Omit every picture and return the rest of the data unaltered.

╭─ Recorded data

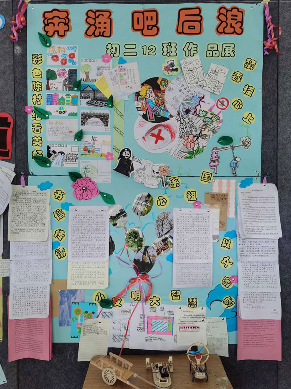 本次暑假 “十個(gè)一”作品展示活動(dòng)項(xiàng)目有:1、“書信立志 不負(fù)韶華”。2、“小小發(fā)明家”。3、“愛祖國(guó),誦經(jīng)典”――中華傳統(tǒng)文化經(jīng)典誦讀。4、“疫情當(dāng)下――我可以做的是 ”征文活動(dòng)。5、“勞動(dòng)一夏”。6、“走出校園,體驗(yàn)社會(huì)”實(shí)踐調(diào)查。7、“禁毒無(wú)小事,常掛心上記”漫畫作品。8、“印象陳村”明信片制作。記錄陳村鎮(zhèn)情,感受陳村發(fā)展。9、“陳村色彩”主題攝影。10、讀一本好書,創(chuàng)書香校園。本次暑假“十個(gè)一”活動(dòng)形式多樣,內(nèi)容豐富,給同學(xué)們提供了一個(gè)鍛煉與展示的平臺(tái),得到了同學(xué)們的積極響應(yīng)。課間期間,初一、初二級(jí)的同學(xué)們有序地參觀了暑假“十個(gè)一”作品展覽。濃墨重彩的書畫作品,心靈手巧的手工佳作,精心排版的板報(bào),讓同學(xué)們大開眼界,情不自禁地發(fā)出陣陣贊嘆。每年的暑假“十個(gè)一”作品,同學(xué)們都能夠別出心裁,充分發(fā)揮豐富的想象力和創(chuàng)造力,用心血凝聚成勞動(dòng)的成果。
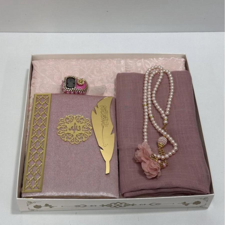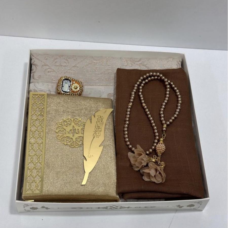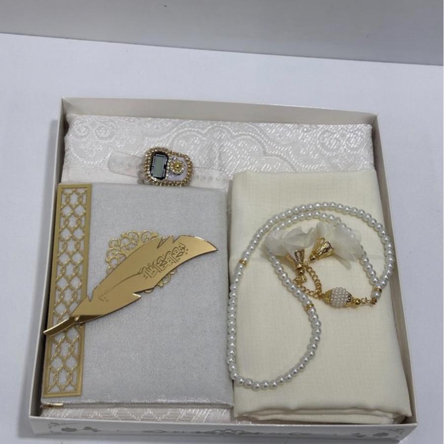 Çeyizlik seccade seti hediyelik 1 adet İpek tafta seccade 1 adet flamlı başörtü 1 adet inci güllü tesbih 1 adet taşlı zikirmatik 1 adet kitap ayraç ürünler görselde görüldüğü gibi hediye paketinde gelir
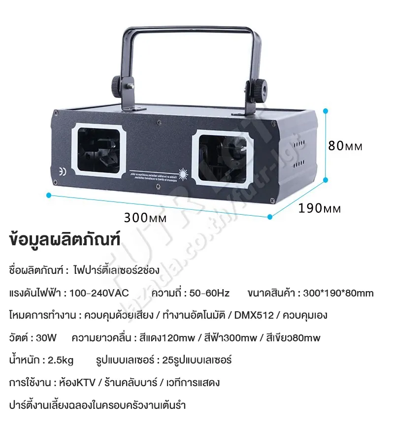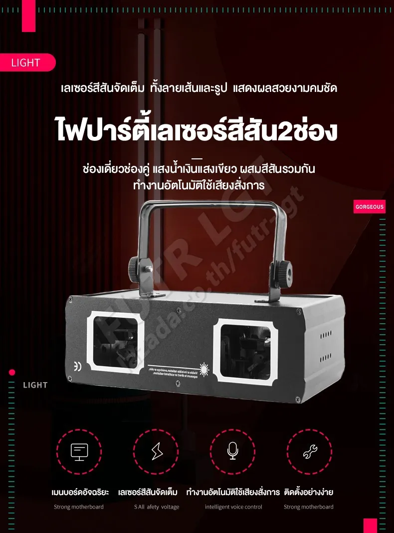 ไฟดิสโก้ Laser 2/RGB Full Color disco laser light ไฟเลเซอร์ดิสโก้ ไฟเธค ไฟปาตี้กระพริบตามจังหวะเพลง
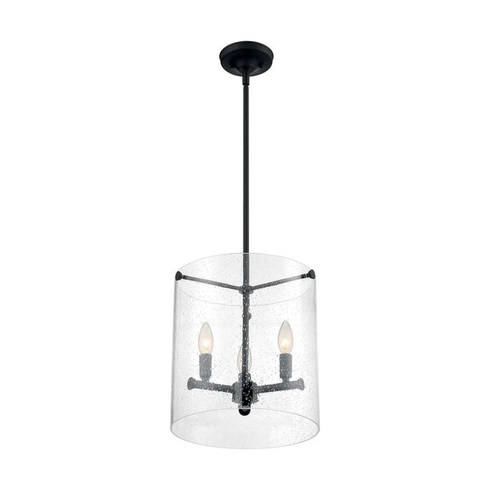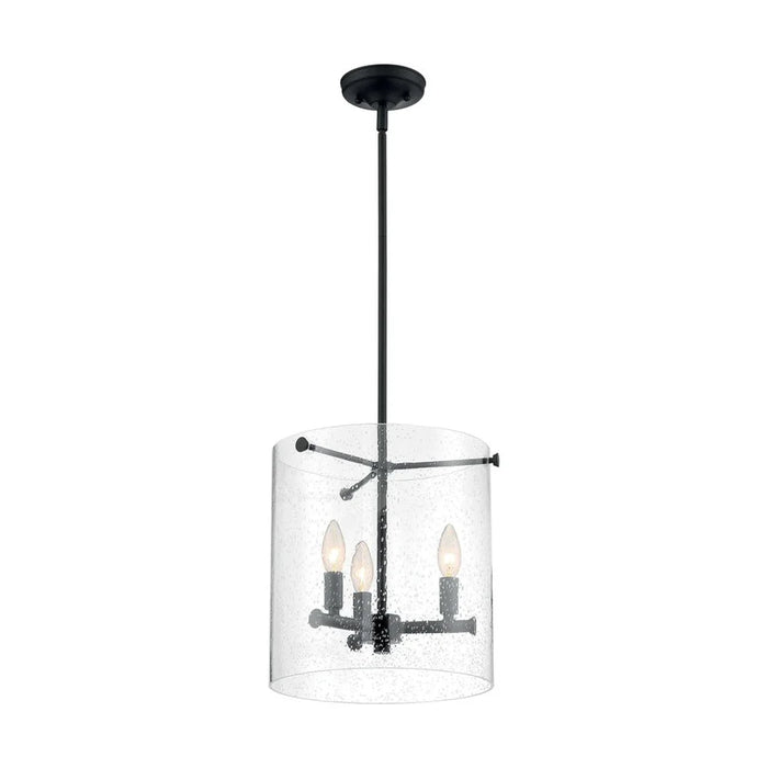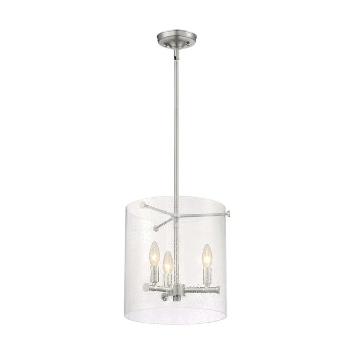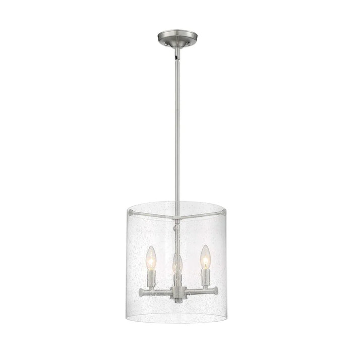 The seeded glass cylinder shade accents the Brushed Nickel finish on the Bransel three-light pendant light. The sleek, streamlined appearance of the Bransel compliments both the popular modern farmhouse style or can be at home in a coastal setting. 11.75 inches wide by 12.875 inches high, the Bransel can be a single light source or used in a multiple linear light application.
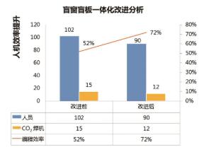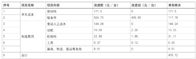 对主焊线改造后查看单车生产状态及整改后的效果(图7),主焊线通过性验收,生产线验收达标,可进行量产。根据改造后情况进行成本及效率核算,在整车使用成本方面核算见表1。整车生产效率方面,使用的人员减少12人、二保焊机减少3台,编程效率提升20%,如图8所示。
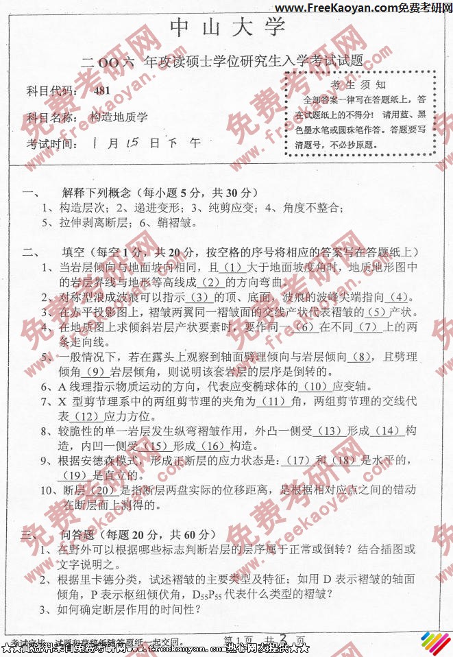 专业课考研经验 本站小编 FreeKaoyan 2018-01-22中山大学2006年考研真题-地下水资源与环境
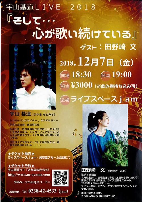 飯豊町在住のシンガーソングライター宇山基道(うやまもとみち)のライブ、『そして・・・心が歌い続けている』のチケットをペアにして1組にプレゼント! 松山千春(まつやまちはる)、鈴木康博(すずきやすひろ)などのサポートギタリストを務めながら、シンガーソングライターの活動を行い、子育てのために飯豊町に移住して10年。 優しい歌声とサービス精神あふれる 宇山基道さんの楽しいトークをぜひゆっくりとお楽しみください。 チケットをご希望の方は、次の要領でご応募ください。 ※※ プレゼントの応募は締め切りました。たくさんのご応募ありがとうございました。 ※※ ■■■ 「宇山基道ライブ」チケットをペアで1組に ■■■ ●宇山基道ライブ2018 そして・・・心が歌い続けている 日時 : 2018年12月7日(金) 開場 18:30 開演 19:00 場所 : ライブスペース jam(ジャム) 川西町大字上小松2992 <応募方法>おらんだラジオホームページのメッセージフォームまたはメールで以下の内容をご記入の上、ご応募ください。 「宇山基道ライブ」チケット希望ラジオネーム :お名前 :連絡の取れるメールアドレスまたは、電話番号 : <応募条件>・募集締め切り 2018年11月30日(金)ゆうらじ 終了まで・おらんだラジオまで直接チケットを取りにきていただける方に限ります※応募多数の場合には抽選となります※当選者には、おらんだラジオ事務局よりご連絡致します ::::: エフエム い〜じゃん おらんだラジオ 77.7MHz :::::
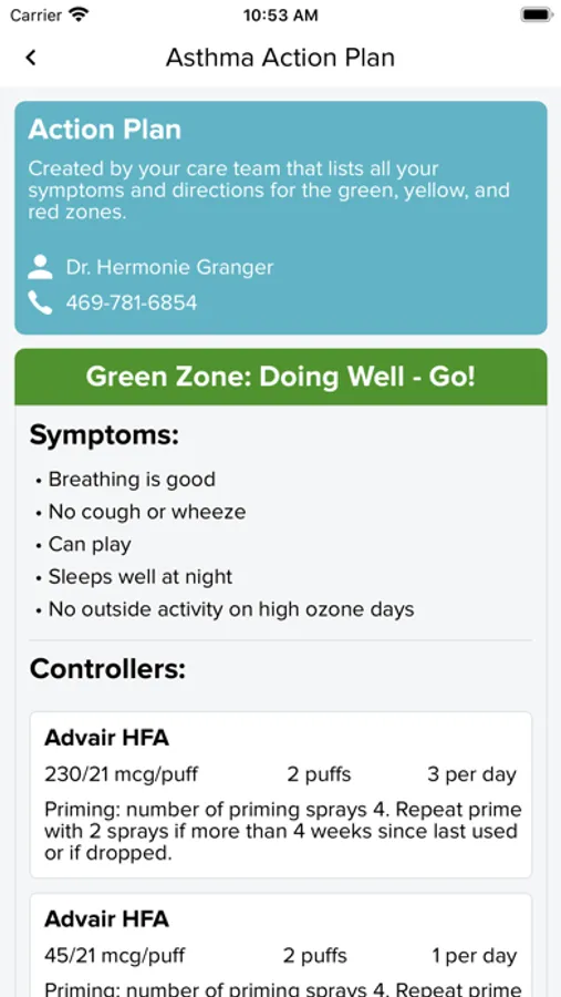 • Allows users to share their Asthma Action Plan and Asthma Control Test (ACT) scores
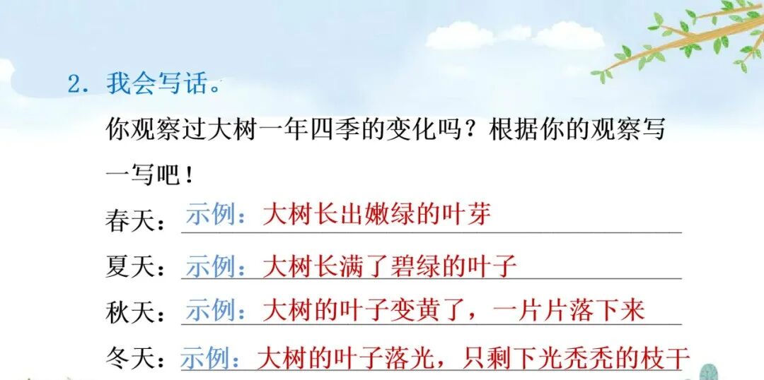 2、小鸟在枝头唱歌。
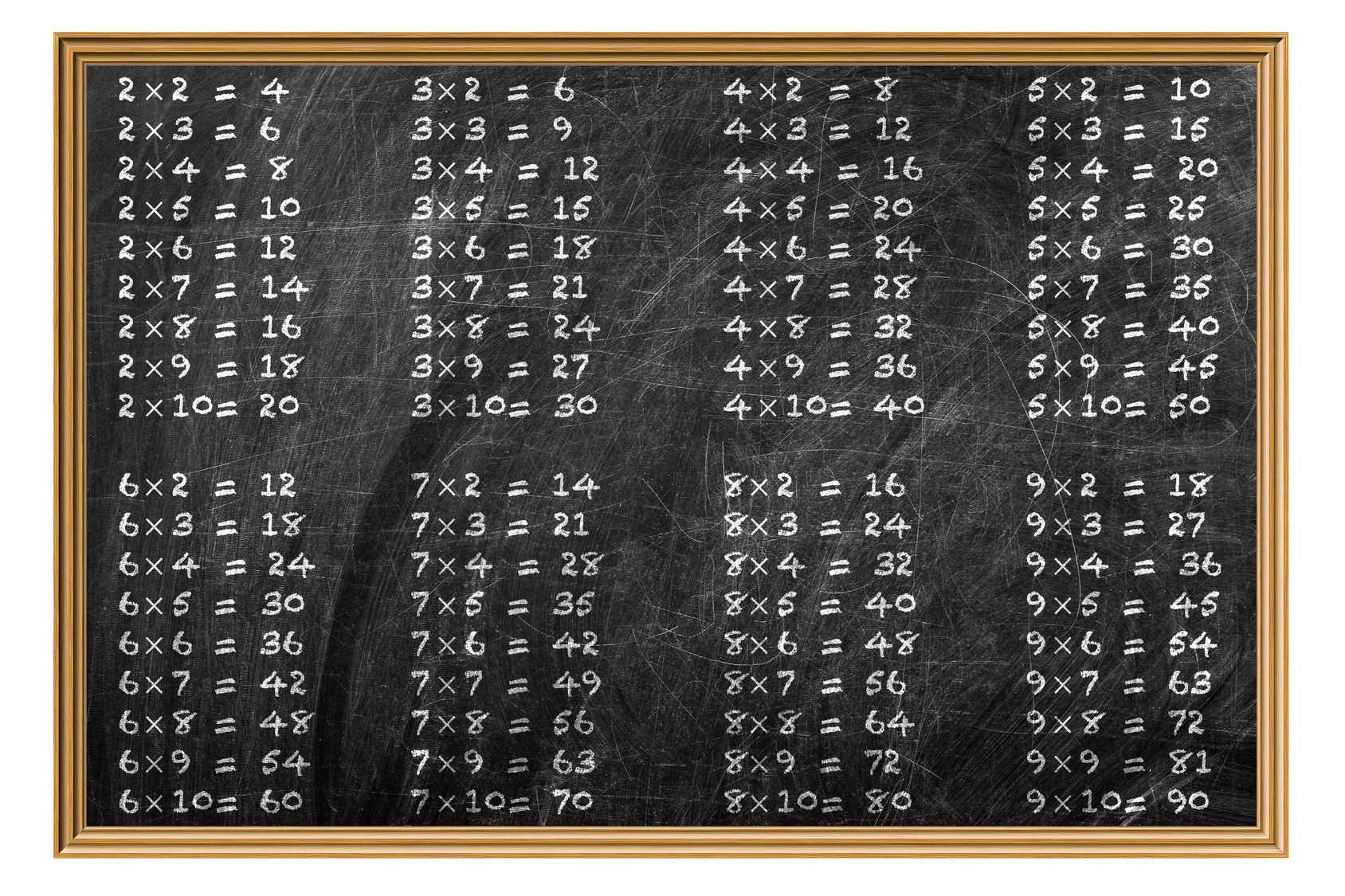 Multiplication table handwritten with white chalk on school blackboard on a wooden frame

╰─

## Output below:
 本次暑假 “十個(gè)一”作品展示活動(dòng)項(xiàng)目有:1、“書信立志 不負(fù)韶華”。2、“小小發(fā)明家”。3、“愛祖國(guó),誦經(jīng)典”――中華傳統(tǒng)文化經(jīng)典誦讀。4、“疫情當(dāng)下――我可以做的是 ”征文活動(dòng)。5、“勞動(dòng)一夏”。6、“走出校園,體驗(yàn)社會(huì)”實(shí)踐調(diào)查。7、“禁毒無(wú)小事,常掛心上記”漫畫作品。8、“印象陳村”明信片制作。記錄陳村鎮(zhèn)情,感受陳村發(fā)展。9、“陳村色彩”主題攝影。10、讀一本好書,創(chuàng)書香校園。本次暑假“十個(gè)一”活動(dòng)形式多樣,內(nèi)容豐富,給同學(xué)們提供了一個(gè)鍛煉與展示的平臺(tái),得到了同學(xué)們的積極響應(yīng)。課間期間,初一、初二級(jí)的同學(xué)們有序地參觀了暑假“十個(gè)一”作品展覽。濃墨重彩的書畫作品,心靈手巧的手工佳作,精心排版的板報(bào),讓同學(xué)們大開眼界,情不自禁地發(fā)出陣陣贊嘆。每年的暑假“十個(gè)一”作品,同學(xué)們都能夠別出心裁,充分發(fā)揮豐富的想象力和創(chuàng)造力,用心血凝聚成勞動(dòng)的成果。
 Çeyizlik seccade seti hediyelik 1 adet İpek tafta seccade 1 adet flamlı başörtü 1 adet inci güllü tesbih 1 adet taşlı zikirmatik 1 adet kitap ayraç ürünler görselde görüldüğü gibi hediye paketinde gelir
 ไฟดิสโก้ Laser 2/RGB Full Color disco laser light ไฟเลเซอร์ดิสโก้ ไฟเธค ไฟปาตี้กระพริบตามจังหวะเพลง
 The seeded glass cylinder shade accents the Brushed Nickel finish on the Bransel three-light pendant light. The sleek, streamlined appearance of the Bransel compliments both the popular modern farmhouse style or can be at home in a coastal setting. 11.75 inches wide by 12.875 inches high, the Bransel can be a single light source or used in a multiple linear light application.
 对主焊线改造后查看单车生产状态及整改后的效果(图7),主焊线通过性验收,生产线验收达标,可进行量产。根据改造后情况进行成本及效率核算,在整车使用成本方面核算见表1。整车生产效率方面,使用的人员减少12人、二保焊机减少3台,编程效率提升20%,如图8所示。
 专业课考研经验 本站小编 FreeKaoyan 2018-01-22中山大学2006年考研真题-地下水资源与环境
 飯豊町在住のシンガーソングライター宇山基道(うやまもとみち)のライブ、『そして・・・心が歌い続けている』のチケットをペアにして1組にプレゼント! 松山千春(まつやまちはる)、鈴木康博(すずきやすひろ)などのサポートギタリストを務めながら、シンガーソングライターの活動を行い、子育てのために飯豊町に移住して10年。 優しい歌声とサービス精神あふれる 宇山基道さんの楽しいトークをぜひゆっくりとお楽しみください。 チケットをご希望の方は、次の要領でご応募ください。 ※※ プレゼントの応募は締め切りました。たくさんのご応募ありがとうございました。 ※※ ■■■ 「宇山基道ライブ」チケットをペアで1組に ■■■ ●宇山基道ライブ2018 そして・・・心が歌い続けている 日時 : 2018年12月7日(金) 開場 18:30 開演 19:00 場所 : ライブスペース jam(ジャム) 川西町大字上小松2992 <応募方法>おらんだラジオホームページのメッセージフォームまたはメールで以下の内容をご記入の上、ご応募ください。 「宇山基道ライブ」チケット希望ラジオネーム :お名前 :連絡の取れるメールアドレスまたは、電話番号 : <応募条件>・募集締め切り 2018年11月30日(金)ゆうらじ 終了まで・おらんだラジオまで直接チケットを取りにきていただける方に限ります※応募多数の場合には抽選となります※当選者には、おらんだラジオ事務局よりご連絡致します ::::: エフエム い〜じゃん おらんだラジオ 77.7MHz :::::
 • Allows users to share their Asthma Action Plan and Asthma Control Test (ACT) scores
 2、小鸟在枝头唱歌。
 Multiplication table handwritten with white chalk on school blackboard on a wooden frame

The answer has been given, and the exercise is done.